Alternatively, you can rent a car with a driver. International rental providers, such as Avis, and local companies offer these services.

Ride Hailing Apps

Didi is the alternative app for riders in China. Uber is not available in the country.

Didi is cheap, but you need to speak and understand Mandarin or the local dialect of your city. Taxi drivers will often call you to find out where you are, or to tell you they are outside. Taking taxis may be easier for foreigners but will cost a bit more money.

Places to visit

Great Wall of China

“No one can be a true hero unless he has been on the Great Wall” goes the popular Chinese saying, a saying that clearly shows the importance of this unique ancient monument.
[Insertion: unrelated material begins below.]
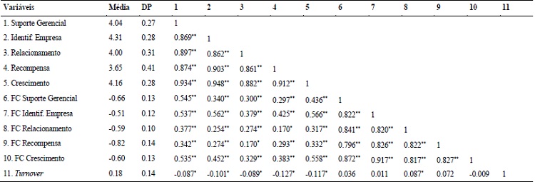 As médias, desvios padrões e correlações entre as medidas de clima, força de clima e turnover são apresentadas na Tabela 3. Pode-se observar que todas as dimensões de clima apresentaram relação negativa com turnover, como esperado. Embora as correlações entre as medidas de clima sejam relativamente altas, a análise fatorial exploratória e as medidas de confiabilidade indicam a existência de diferentes construtos dentro da escala completa de clima.

The Forbidden City and the Imperial Palace, Beijing

China’s largest and most important building, the Forbidden City (Zǐjìnchéng) – also known as the Imperial Palace – is located in the heart of Beijing and is a must-see when visiting the country. Begun during the Yuan Dynasty between 1271-1368, much of the complex seen today was built between 1406 and 1420. Truly many magnificent palaces in one, this sprawling complex was the residence of 24 Ming and Qing emperors, whose presence prohibited entry for anyone else than the imperial family and their courtesans.

Terracotta Army, Xi’an

It was while digging wells on the outskirts of Xi’an in the 1970s that farmers stumbled upon what would become China’s most important archaeological find: the Terracotta Army. Spread over three large underground pits and built to guard the tomb of the First Emperor, the find included more than 8,000 life-sized warriors, some 520 horses and more than 100 chariots, along with many other non-military characters from around 280 BC .

Although some were seriously damaged by the passage of time, many of the statues excavated have been painstakingly reassembled and stand as a testament to the importance attached to the emperor and the afterlife. The site – part of Emperor Qin Shi Huang’s Mausoleum Site Park – is one of China’s most important tourist destinations and offers the unforgettable experience of standing before this assembly of soldiers and horses as if inspecting a centuries-old parade. English guided tours are available.

Summer Palace, Beijing

An easy 15-kilometer commute from Beijing, the opulent Imperial Summer Palace (Yíhé Yuán) is set amidst more than 700 hectares of beautiful parkland and is one of China’s most visited attractions. While the palace itself was built in 1153, its Great Lake was added in the 14th century to enhance the Imperial Gardens.